Calreticulin (D3E6) XP® Rabbit mAb #12238はホルムアルデヒド固定のみの場合には適さず、固定後にメタノールで透過化するか、メタノールで固定する必要があります。
ミトコンドリアマーカー
ミトコンドリアのマーカとして使用できるものは多くありますが、AIF (D39D2) XP® Rabbit mAb #5318が多くの生物種やプロトコールに適合するため、Cell Signaling Technology®の社内試験では優先的に使用されています。
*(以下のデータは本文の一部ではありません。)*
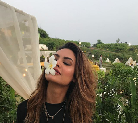 In this image, Esha could be seen posing infront of the camera with a flower on her mouth.
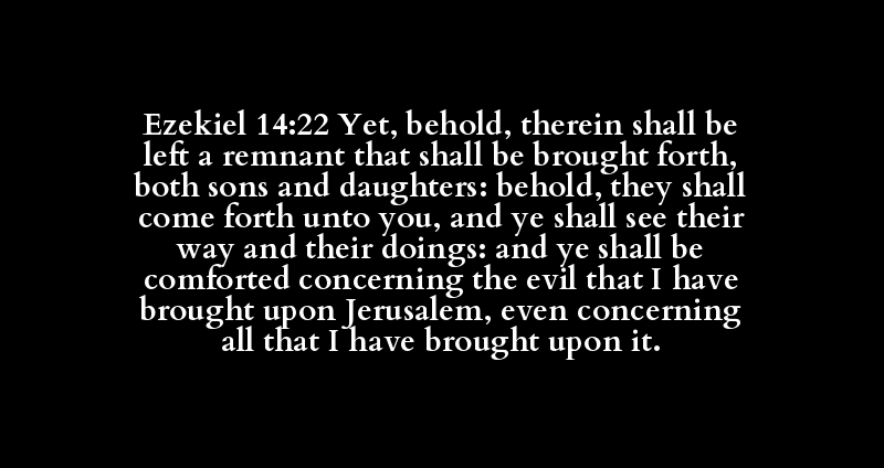 Ezekiel 14:22 Yet, behold, therein shall be left a remnant that shall be brought forth, both sons and daughters: behold, they shall come forth unto you, and ye shall see their way and their doings: and ye shall be comforted concerning the evil that I have brought upon Jerusalem, even concerning all that I have brought upon it.

シグナルの点ではAIF Antibody #4642の方が#5318よりわずかに優れますが、社内試験ではXP®モノクローナル抗体を優先的に使用しています。
メタノール固定が必要で、生物種がヒトまたはラットの場合は、AIF抗体よりCOX IV (3E11) Rabbit mAb #4850の方が良好な結果が得られる可能性があります。
マウス細胞を扱う場合、メタノールで透過化したサンプルで、SDHA (D6J9M) XP® Rabbit mAb #11998の方がAIF抗体よりやや良好な結果が得られます。
核膜マーカー
核膜マーカーの場合は、際立って優秀な製品があります。Lamin A/C (4C11) Mouse mAb #4777は全ての生物種で良好な結果が得られ、メタノール固定でやや減弱するものの、ほとんどのプロトコールで明瞭で明るいシグナルが観察されました。
開始前のヒント
以上、それぞれの細胞内局在において最も高い性能がみられたものをご紹介しました。
どのような場合でも、実験を成功させるために最も重要な要因はサンプルを注意深く扱うことです。固定する前に細胞の健康状態や密度を考慮することが実験に影響を与えます。サンプルが十分に固定されていることを確認し、サンプルの乾燥は免疫蛍光染色実験に悪影響を及ぼす可能性があるので十分に注意してください。